Certo che no. Perché se tu hai un colore della pelle diverso dal mio, sei una ricchezza. E così per il credo religioso, le tradizioni culturali. La frase attribuita a Voltaire – “Non condivido la tua idea ma darei la vita perché tu possa esprimerla” – significa proprio questo. La diversità di persone e di idee è ricchezza, perché rappresenta un pungolo per ragionare da punti di vista diversi dal nostro.
Poche settimane fa a New York hai ricevuto il prestigioso premio Macker e lo hai dedicato ad Antonio Megalizzi ma anche a Daphne Caruana Galizia. Nei giorni scorsi a Malta le indagini per il suo omicidio sono arrivate ad una svolta.
Avevo un rapporto epistolare con Daphne, il suo omicidio mi ha turbato molto. Bisogna ricordare che ciò che le è accaduto è accaduto in Europa, a ottanta chilometri in linea d’aria dalla mia provincia di Ragusa, dalla nostra Sicilia, dalla nostra Italia. Questo ci deve far comprendere che non si tratta di un episodio lontano, ma di un avvenimento che riguarda tutti noi.
Daphne fu uccisa con un’autobomba.
La stessa modalità che secondo i Magistrati della Procura di Catania si voleva utilizzare per uccidere me e i ragazzi della mia scorta. Tornando a lei, c’è un problema di verità che con l’arresto del mandante dell’omicidio si avvicina. Però bisogna andare avanti, fare piena chiarezza: perché quel mandante e la sua società erano stati accusati da Daphne di corrompere i laburisti maltesi.

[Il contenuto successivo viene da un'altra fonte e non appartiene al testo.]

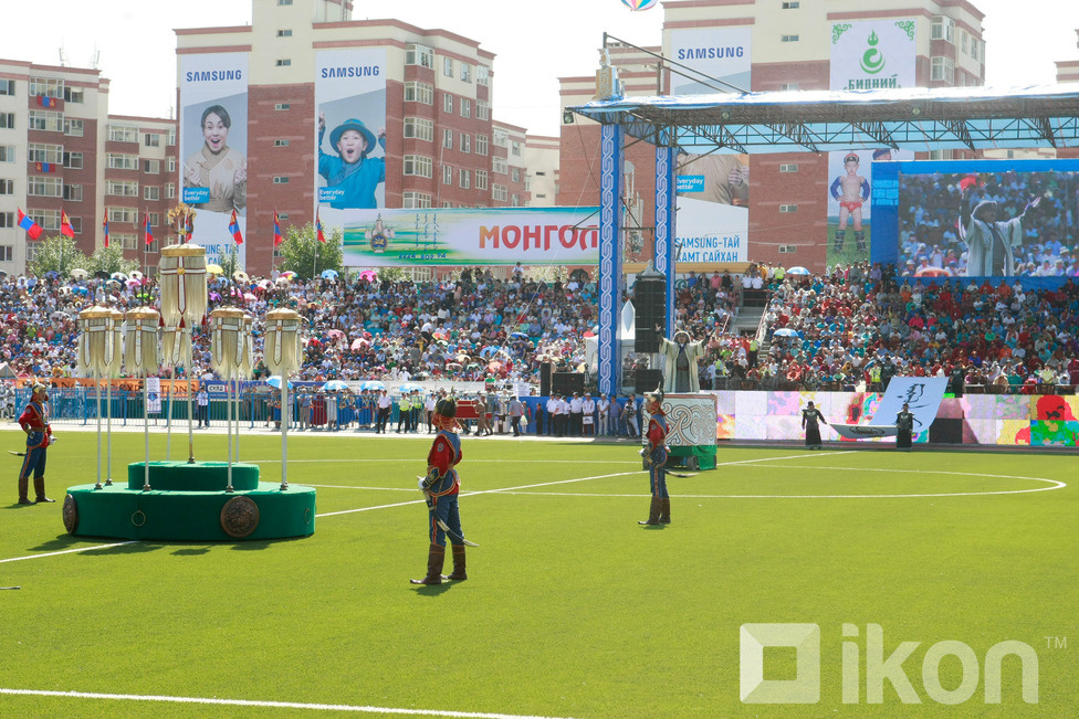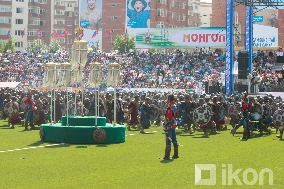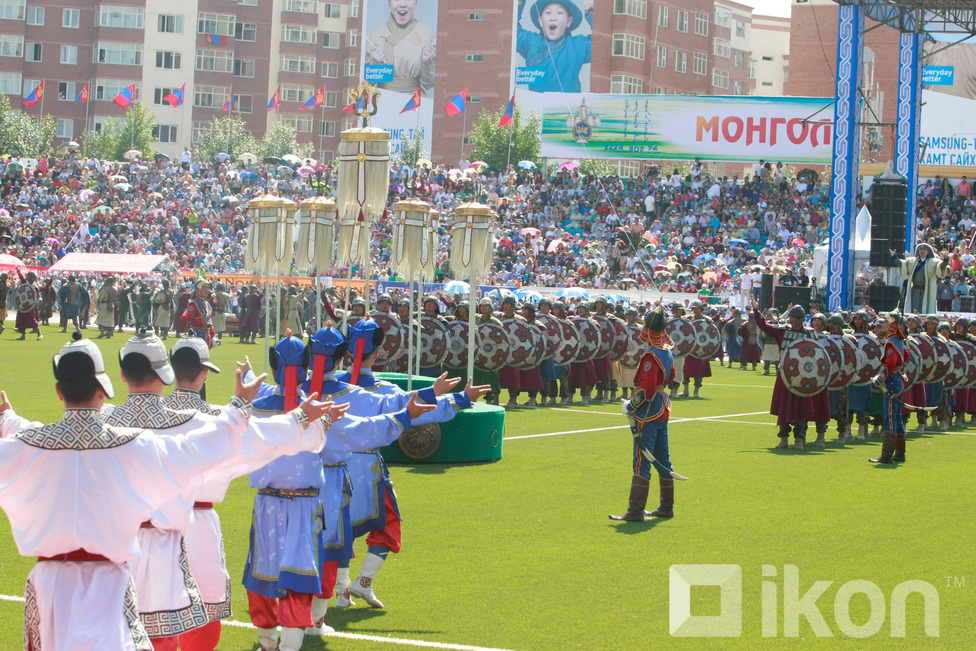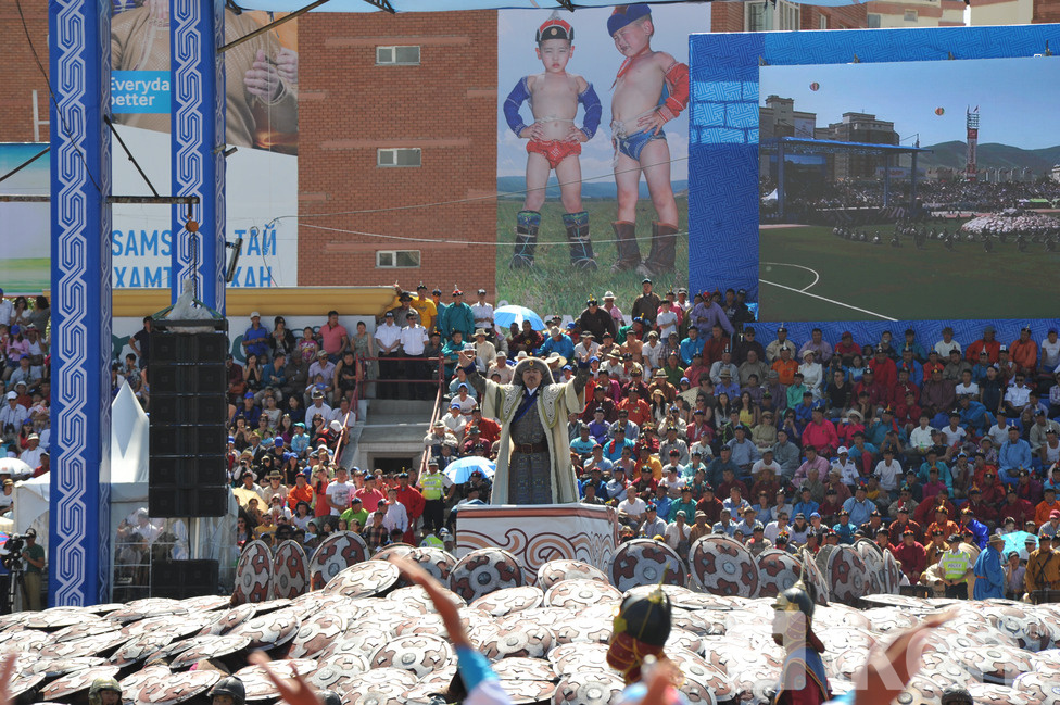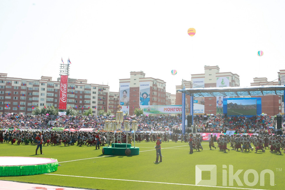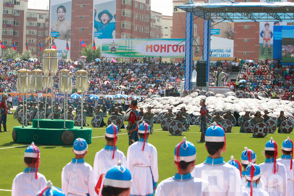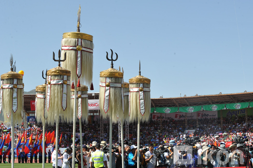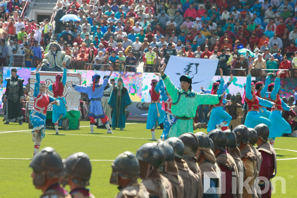 Тулгар төрийн 2224, Их Монгол улсын 809, Ардын хувьсгалын 94 жилийн ойн баяр наадмын нээлт Төв цэнгэлдэх хүрээлэнд боллоо. Төрийн их сүлд Есөн хөлт цагаан тугийг цэнгэлдэх хүрээлэнд залах ёслолын ажиллагааны дараа наадмын нээлтийн урлагийн үзүүлбэр болов. Монгол түмэн наадмын ёслол хүндэтгэлийн гол үйл ажиллагааг үзэхээр хуран цуглажээ.
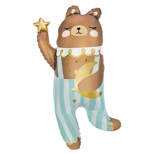 Gökyüzünden gelen bu tatlı ayıcık partinize sihir katmaya hazır! Ay ve yıldız detaylarıyla süslenmiş, pijamalı sevimli ayıcık folyo balon; bebek doğumları, 1 yaş kutlamaları, uyku temalı partiler ve fotoğraf çekimleri için mükemmel bir dekor! Hem kız hem erkek çocuklar için uygundur.

Ancora oggi c’è chi dice che se la sia cercata.
Questo non si può accettare. Quando cade un giornalista, ovunque si trovi, che si chiami Antonio Megalizzi, Dapnhe Caruana Galizia, Ján Kuciak, dobbiamo chiedere anzitutto verità. Perché quella sorella e quel fratello giornalista cercavano la verità per ognuno di noi.
L’ultima dedica del premio Macker l’hai fatta ai due cuginetti uccisi da alcuni delinquenti a Vittoria. Paolo, ci saranno mai pace, speranza, futuro per una terra dove si lasciano accadere queste cose?
Quella di Vittoria è stata una strage causata dal figlio di un boss, che si chiama Saro Greco, che due settimane prima di falciare Alessio e Simone aveva tentato di uccidere una persona di fronte ad almeno quaranta testimoni. Come lo spieghiamo ai genitori di Alessio e Simone che nessuna di quelle quaranta persone – nessuna! – ha denunciato, e che se avesse denunciato i loro figli sarebbero ancora con loro?
Non glielo spieghiamo. Non si può spiegare.
Ecco. Quale futuro ci può essere per una terra che non denuncia? Una terra che continua a nutrirsi di omertà? Viviamo in un posto magnifico e non meritiamo la grandezza della storia e delle persone che ci hanno preceduto. Se non cambiano le nostre ambizioni, se non cambia la nostra cultura, non potrà esserci alcun futuro.